The material below is to be copied exactly from the line with "12月24日清晨,公司新區(qū)3#塢" up to and including the line with "The motor yacht", with nothing else kept and no pictures.

══════════════════════════════

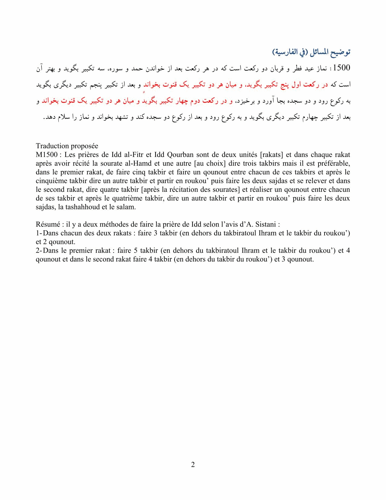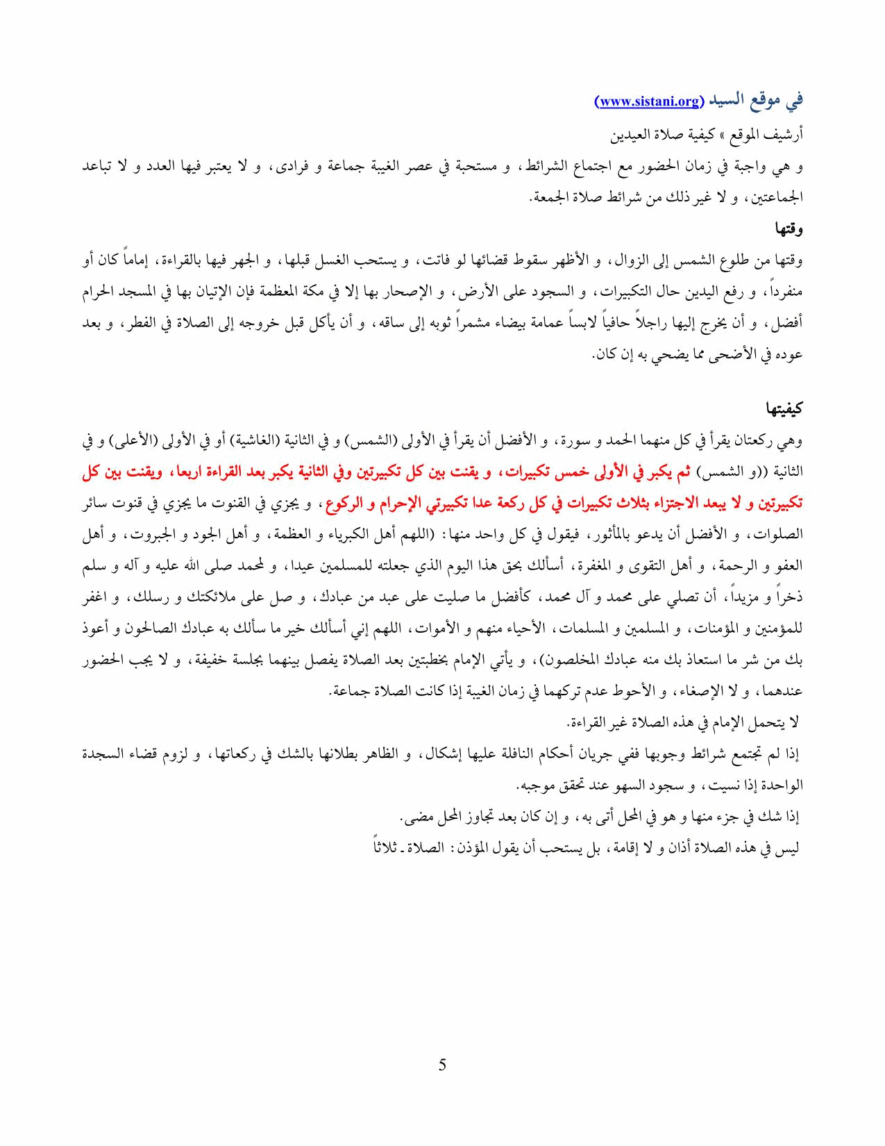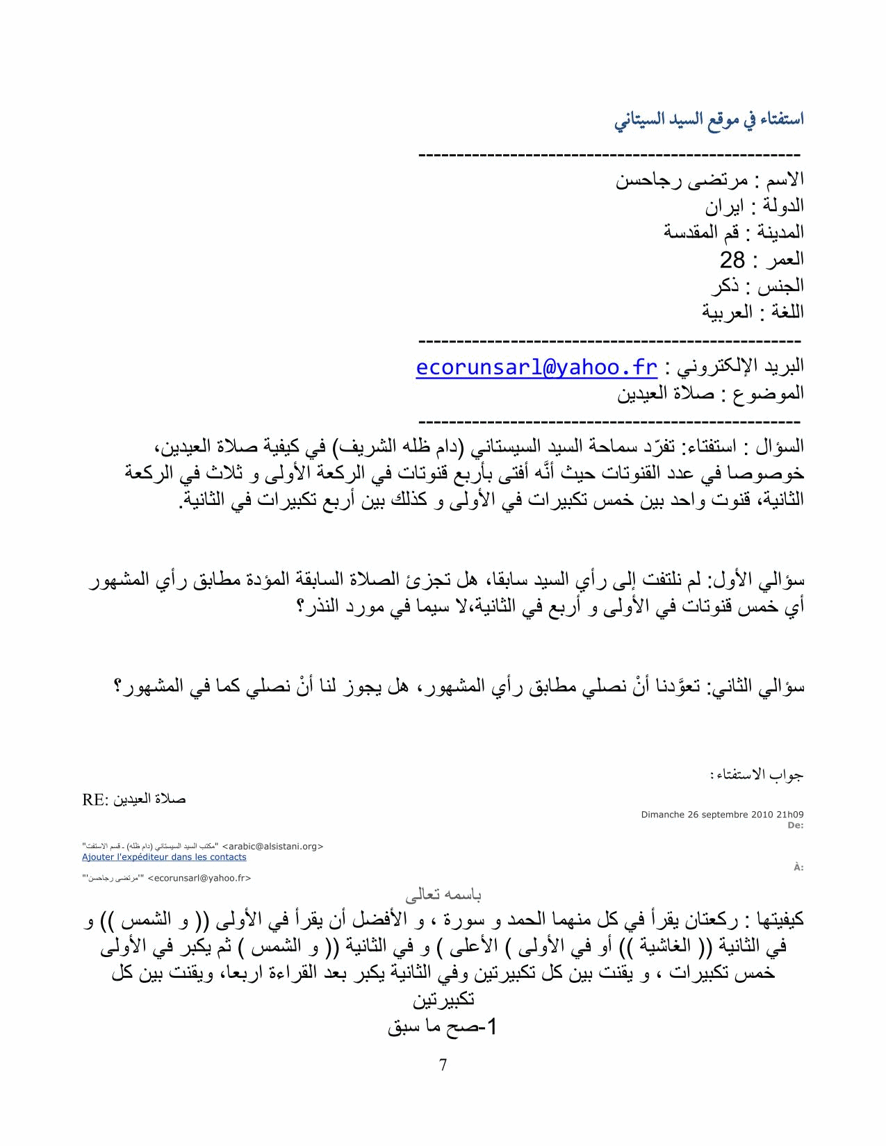 Texte en arabe et explicationsde Mourtouza RADJAHOUSSENsur la précision apportée par Ayatoullah al Ouzama Sayyed Ali Al Housseini As Sistani concernant le Namaz-e-Eid
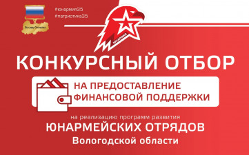 Стартовал конкурсный отбор на предоставление финансовой поддержки подведомственным учреждениям администраций муниципальных районов и городских округов Вологодской области и социально ориентированным некоммерческим организациям, осуществляющим свою деятельность на территории муниципальных районов и городских округов Вологодской области, на реализацию программ развития юнармейских отрядов Вологодской области.
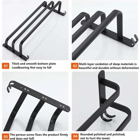 【Suffisant】 La barre de fixation épaisse rend le porte-serviettes plus ferme et peut contenir une serviette de bain suffisamment lourde. Il est parfait pour les familles modernes et les hôtels pour accrocher et organiser vos serviettes, serviettes de bain et vêtements.
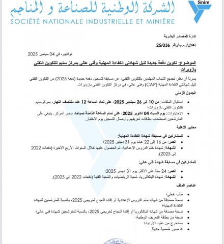 أعلنت الشركة الوطنية للصناعة والمناجم (اسنيم) عن فتح باب الترشح لتكوين دفعة جديدة عام 2025 لنيل شهادتي الكفاءة المهنية وفني عالي في مركزها للتكوين التقني بمدينة ازويرات.
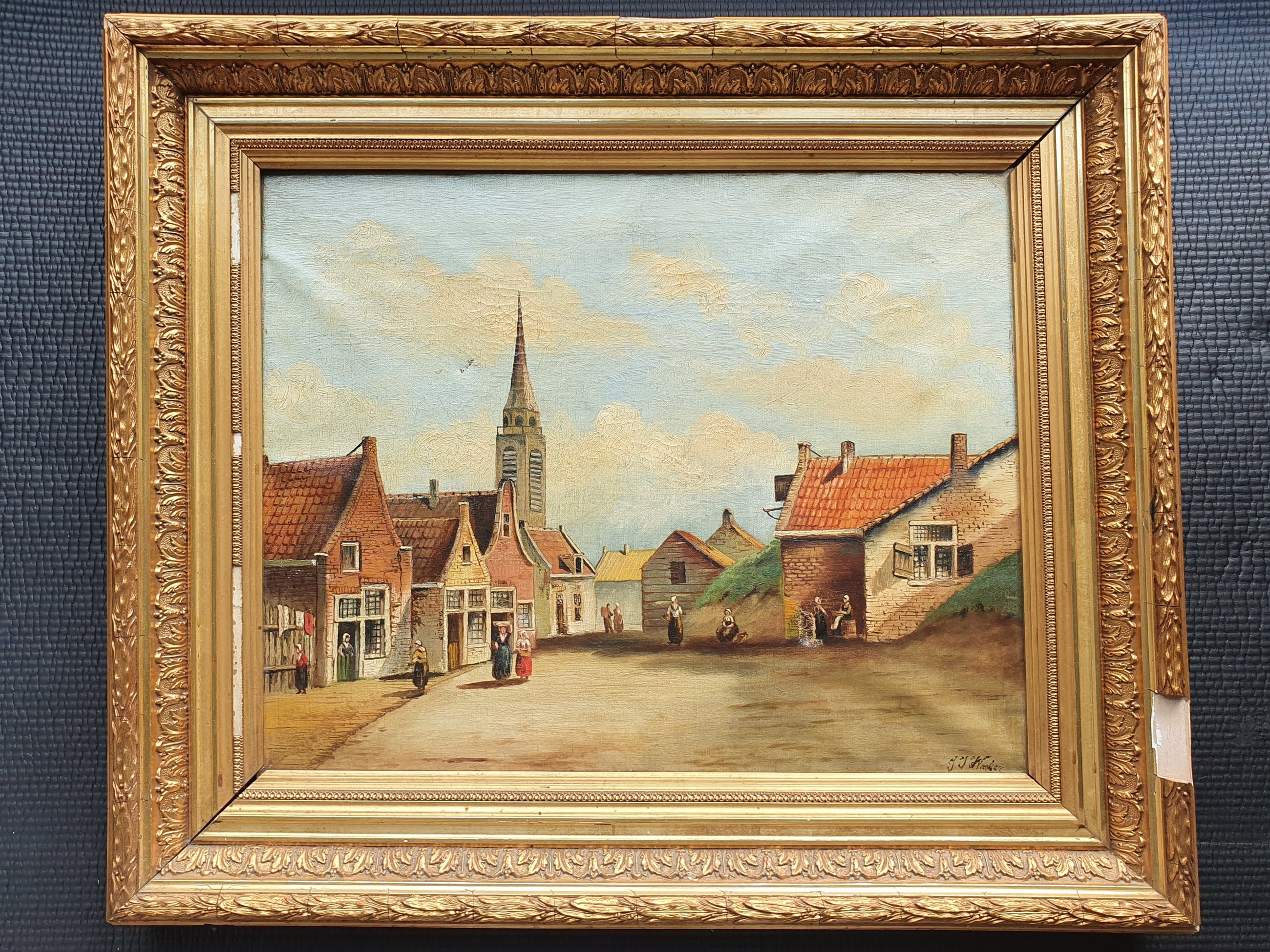 Oud schilderij met mooie lijst maar helaas met meerdere zware beschadigingen.
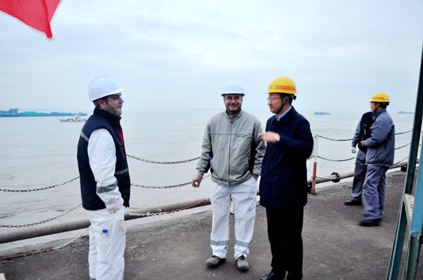 12月24日清晨,公司新區(qū)3#塢區(qū)域,23#、24#163000噸原油船下水前準(zhǔn)備工作有條不紊地進(jìn)行著,隨著海事拖輪就位,船舶下水工作正式啟動,兩船相繼駛出船塢,下水大節(jié)點順利實現(xiàn)。公司總經(jīng)理劉海金、常務(wù)副總經(jīng)理張玉永與希臘船東達(dá)能孔公司代表等一起到現(xiàn)場觀看船舶下水。
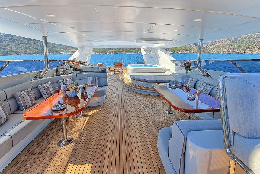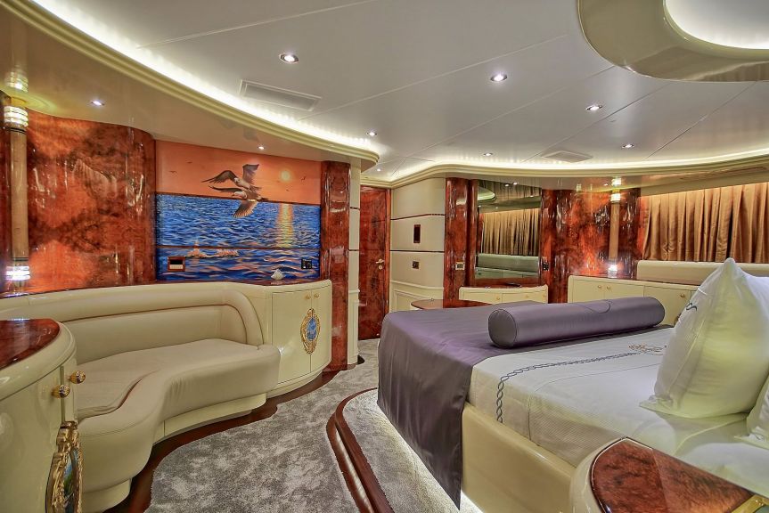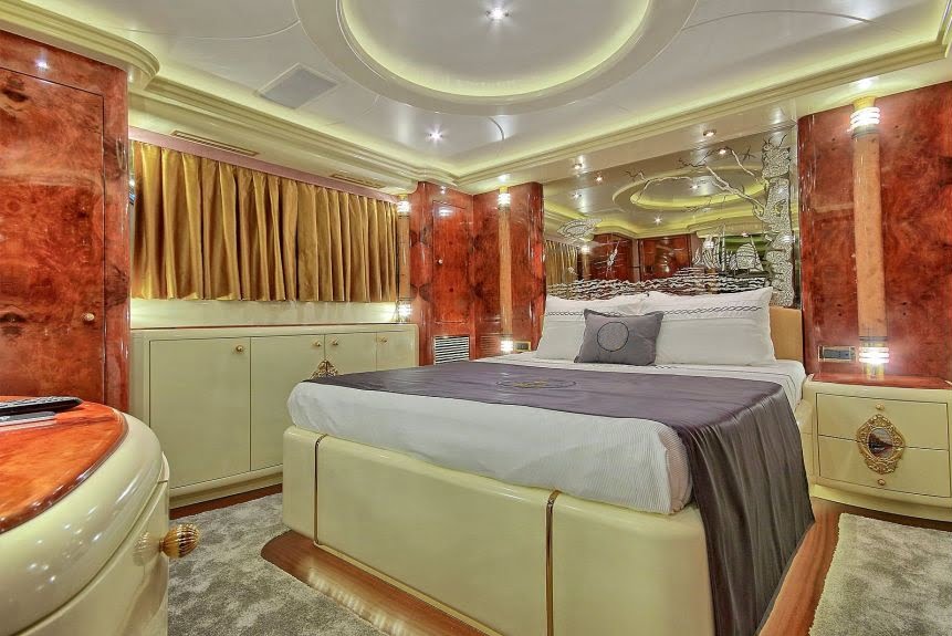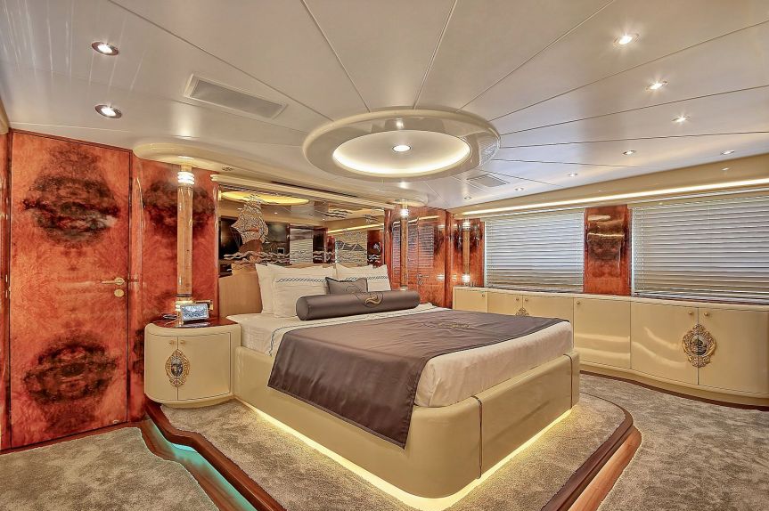 The motor yacht is moored in Bodrum. It is 43 meters long and 8.50 meters wide.
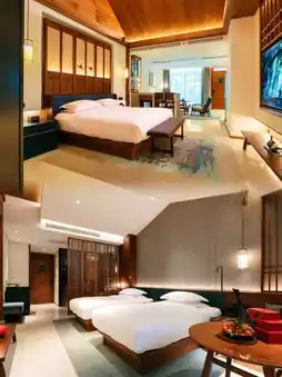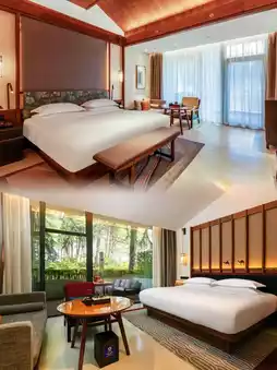 - Garden-view bathtub king room: 180-degree floor-to-ceiling glass facing the courtyard, smart curtains open to a sea of green. The 2-meter king bed is super comfortable, with just the right mattress firmness, making it hard to get up every day.

══════════════════════════════

- Exercise solution
 12月24日清晨,公司新區(qū)3#塢區(qū)域,23#、24#163000噸原油船下水前準(zhǔn)備工作有條不紊地進(jìn)行著,隨著海事拖輪就位,船舶下水工作正式啟動,兩船相繼駛出船塢,下水大節(jié)點順利實現(xiàn)。公司總經(jīng)理劉海金、常務(wù)副總經(jīng)理張玉永與希臘船東達(dá)能孔公司代表等一起到現(xiàn)場觀看船舶下水。
 The motor yacht is moored in Bodrum. It is 43 meters long and 8.50 meters wide.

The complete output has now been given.